The Hitting the Mark league table
Top Five Performers Index
HMV 72
Republic 72
Figleaves 70
New Look 70
Hamleys 69
The Entertainer 69
Worst Five Offenders Index
Harrods 50
ELC 49
H&M 49
Lidl 48
STA 48
Currys 46
“For two years in a row, there has been no obvious improvement made by the retailers we have assessed, which is disappointing given some of the simple steps that can be taken to boost the effectiveness of email marketing,” said Tink Taylor, Managing Director at dotMailer and an elected member of the Direct Marketing Association’s Email Marketing Council. “Email offers a highly cost-effective, trackable and accountable way of communicating with prospects and customers, but this latest study shows that too many companies are still getting it wrong.
“The study clearly demonstrates a lack of integration between email and social media, despite the latter’s growing popularity and influence. The combination of these two marketing disciplines offers new ways for retailers to really engage with their stakeholders to deliver meaningful results such as interactions online, sales and loyalty, but too many are failing to integrate these channels.”

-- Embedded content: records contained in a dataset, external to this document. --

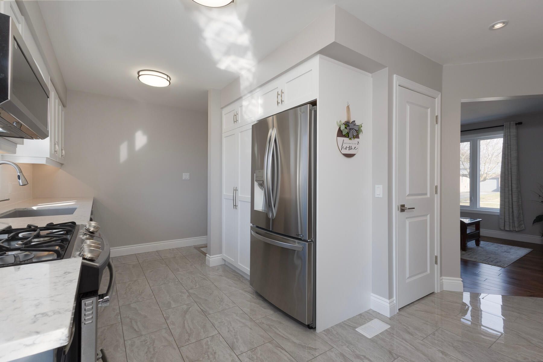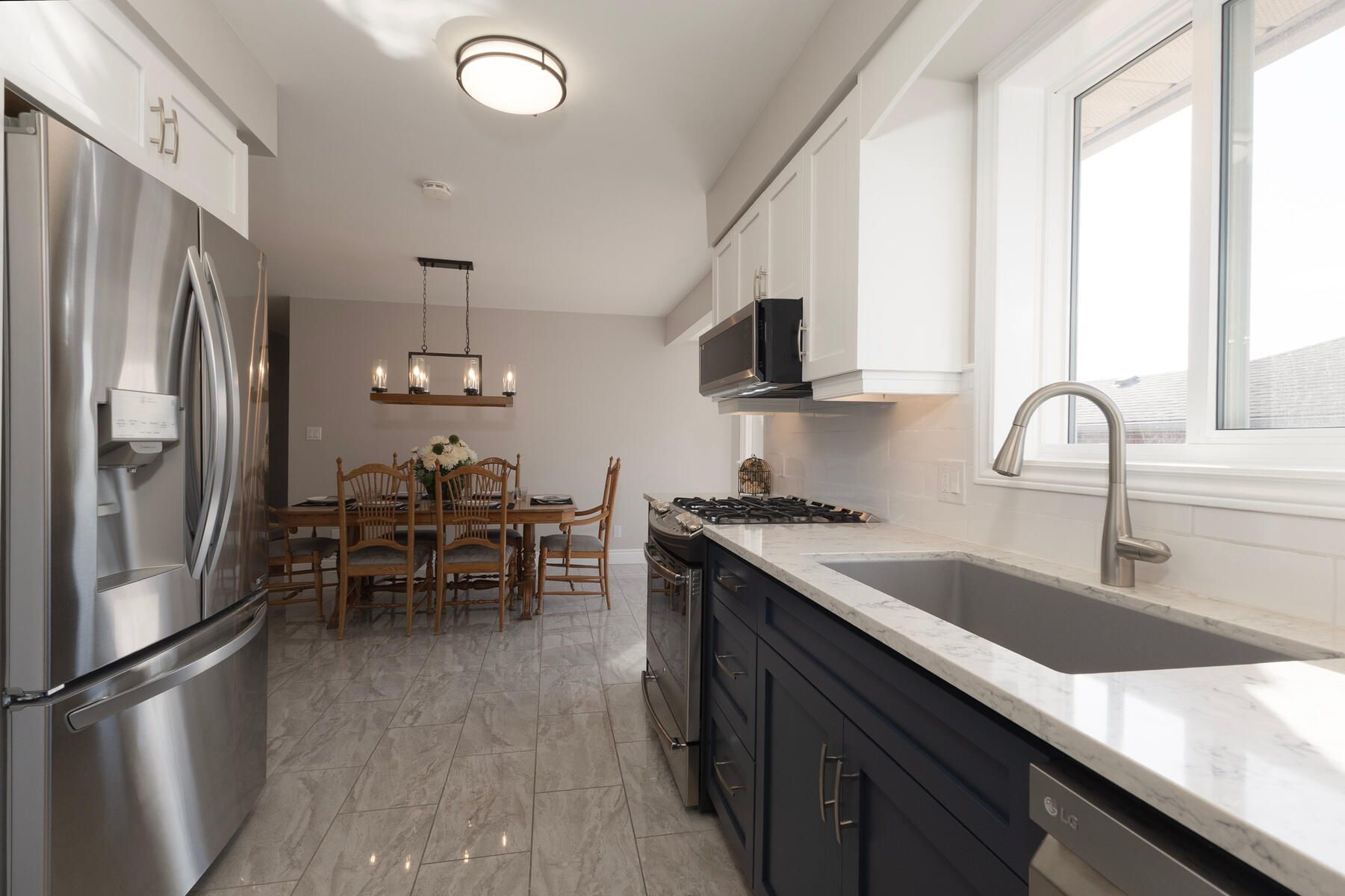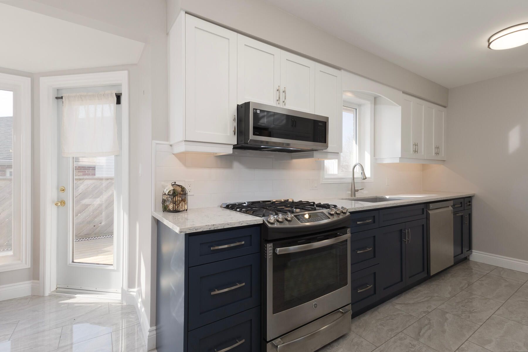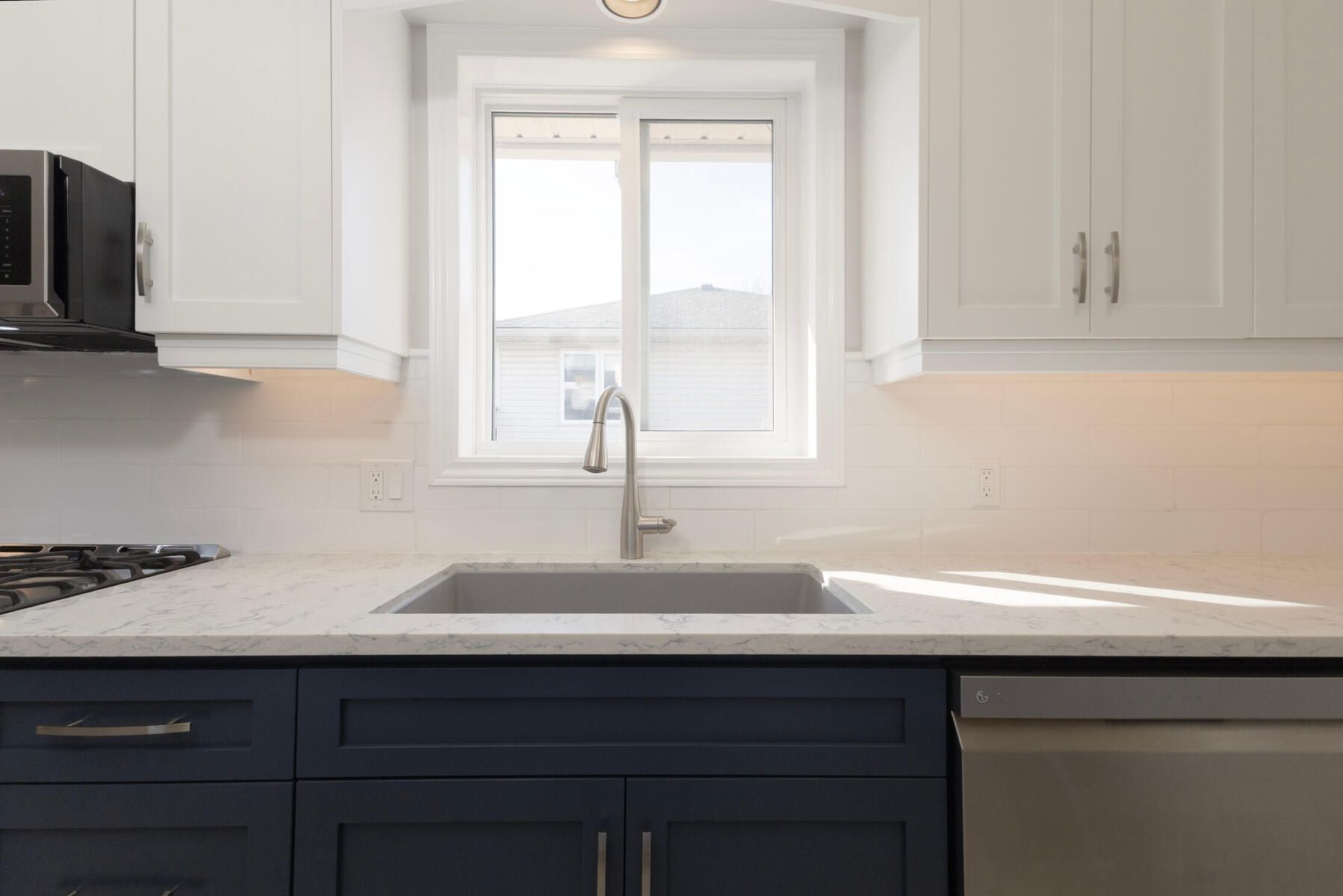 • Modern kitchen features new cabinetry, quartz countertops, and included appliances.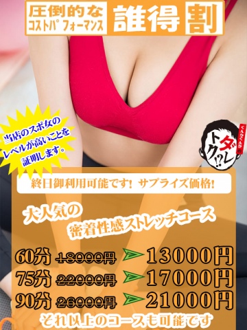 | 密着性感ストレッチ45分 | 10000円 |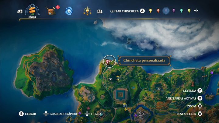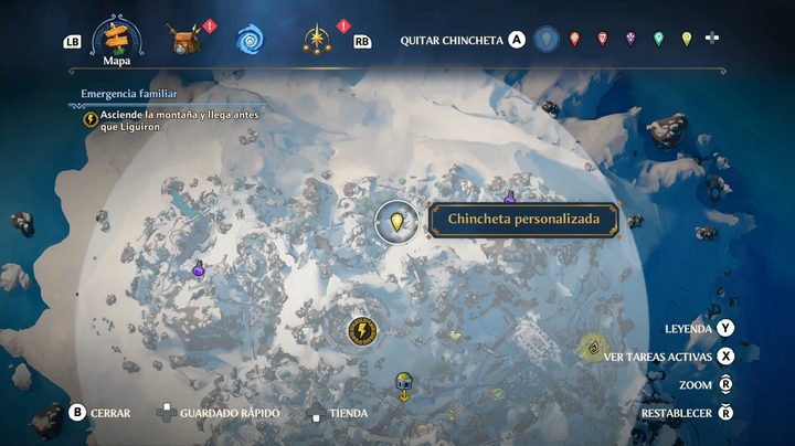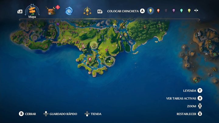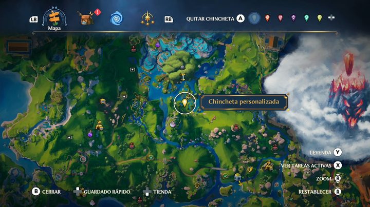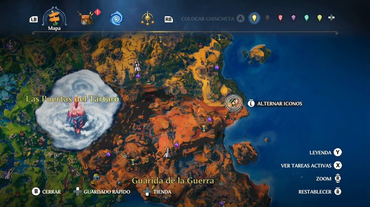 Las misiones de Cima del Rey recién se abren al haber recuperado las esencias de los cuatro dioses, pero de cualquier manera se puede acceder al área antes de tiempo, si tienen la barra de resistencia suficiente. Una vez aquí, Asfódelo se encuentra en la zona sureste del mapa (indicada en la foto) y aún sin haber limpiado la niebla del lugar, su acceso es relativamente sencillo y con la habilidad de hacerse invisible, domarlo no será problema.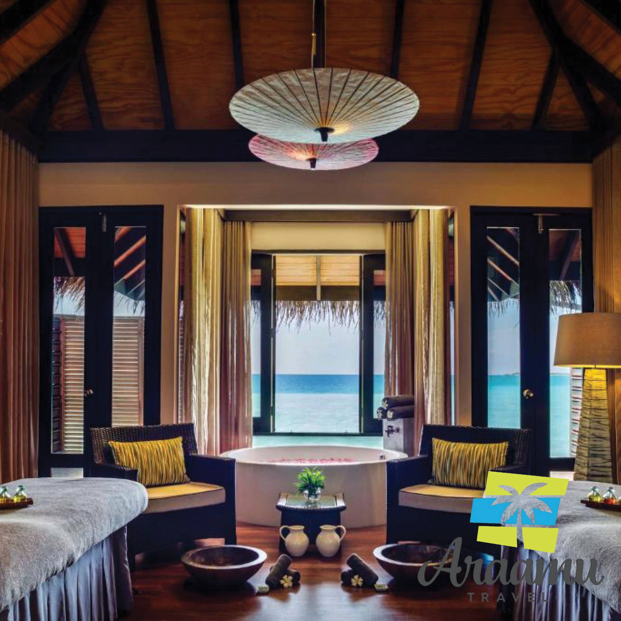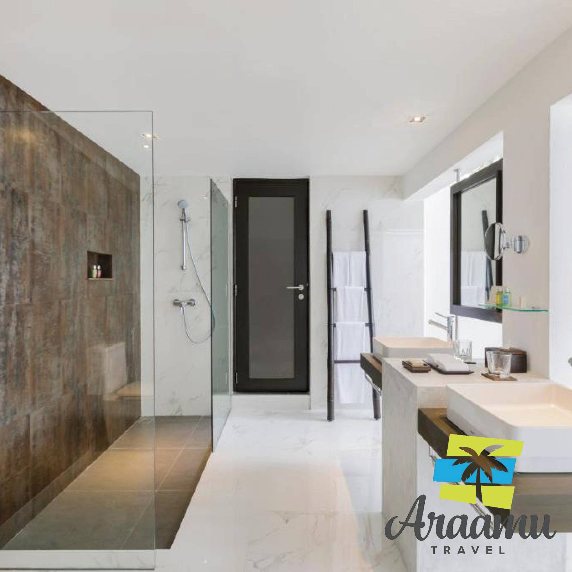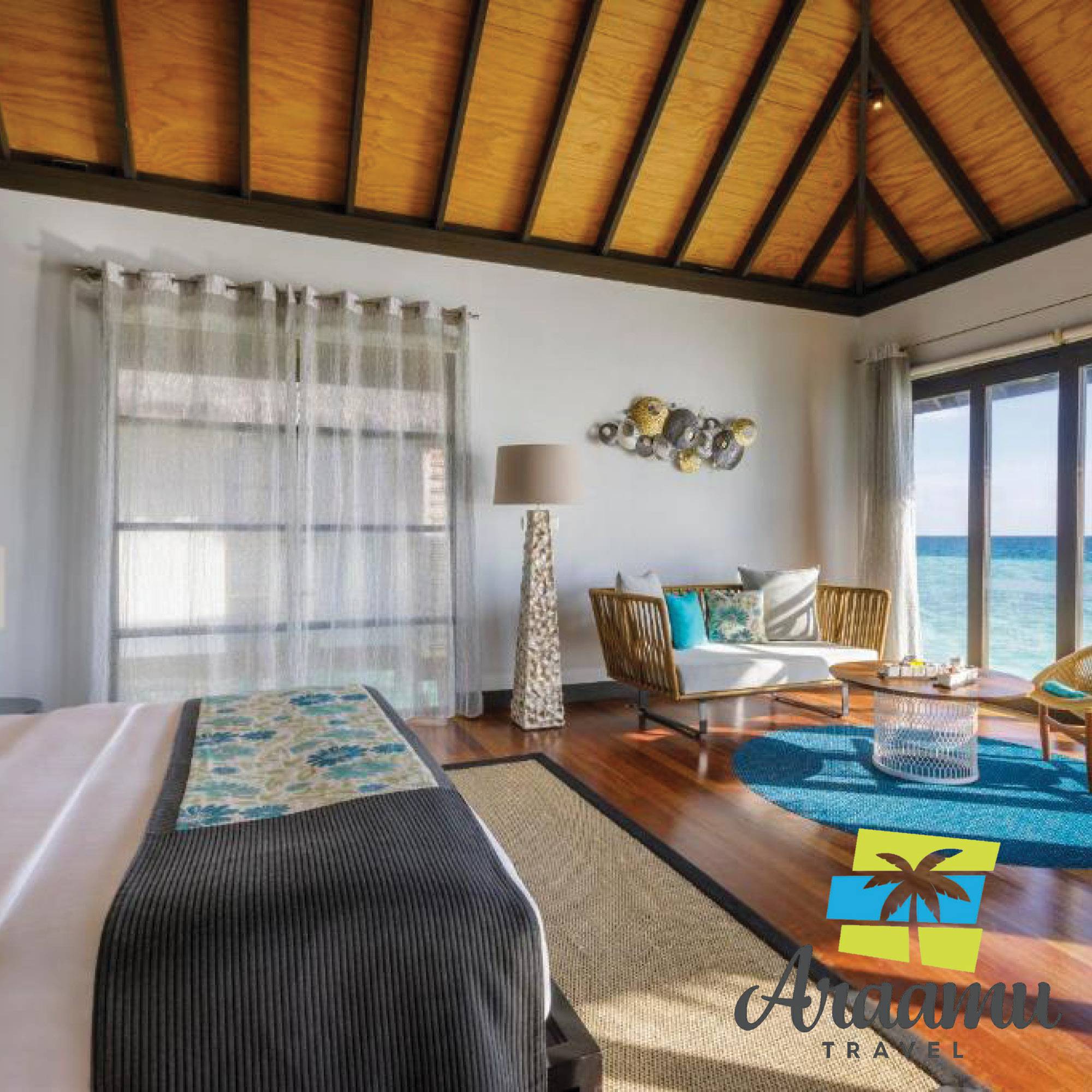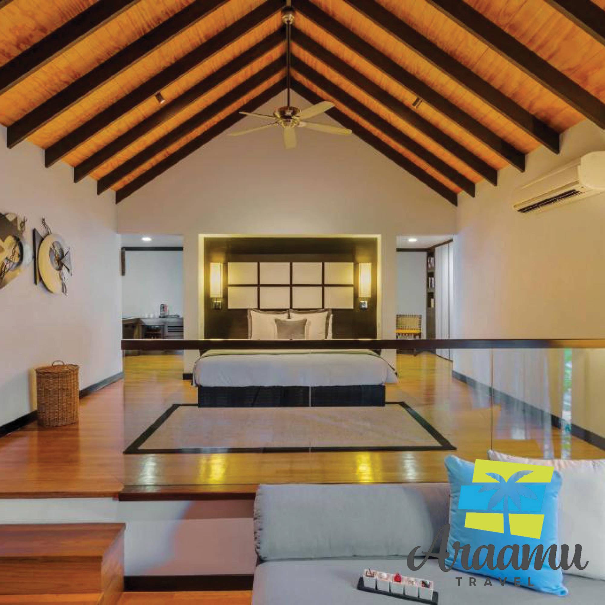 Beach Villa: kb. 96 nm (30), a Deluxe Bungalow-hoz hasonló, egyedül álló, újépítésű, közvetlenül a parton (napfelkelte és naplemente oldalon), tágasabb és elegánsabb berendezéssel, nagyobb fürdőszoba plusz zuhannyal, iPod-állomás és eszpresszógép, borhűtő, közvetlen parti lejáróval. Tengerre néző panorámás.

Using the information contained within the report, dotMailer’s Tink Taylor has outlined five top email marketing tips for retailers striving to ride out the recession:
1. Include forward to a friend and ‘add to social networks’ links – only 17% of the retailers assessed included ‘add to social networks’ links in their email messages. Viral and word-of-mouth marketing can provide lucrative opportunities to spread marketing messages, drive traffic, collect contact data and increase revenue – at little or no cost to the marketer.
2. Add links from your email campaigns to your social media pages and blog – Email can be a powerful and highly effective tool for driving traffic and signups to your organisations social media sites, helping to build further engagement and sales opportunity
3. Personalise your greeting – Opening an email with a personalised greeting can significantly improve both open and click-through rates by engaging the recipient and helping to establish one-to-one communication. 92% of the emails we looked at failed to do this, a big increase on the 70% in 2009.
4. Check renderability before sending – 19% of recipients will delete an email unread if it fails to render (display) correctly. There is still more work to be done in this crucial area with only 8% of emails we studied rendering correctly in every type of email account.
5. Make sure your template has a good balance of text to images – as well as helping your campaign to pass spam filters, this ensures an email is readable when images are switched off by the email client – a simple step that can increase open rates by up to 40%!
6. Initiate some action – the key to the success of an email campaign is to help recipients answer these three questions: Who is it from? What’s in it for me? and What shall I do next? Make sure you provide clear guidance on what you expect a recipient to do once they have read your email, for example click through to a product page, forward it to a friend, or contact your team. A third of retailers failed to provide a clear call to action.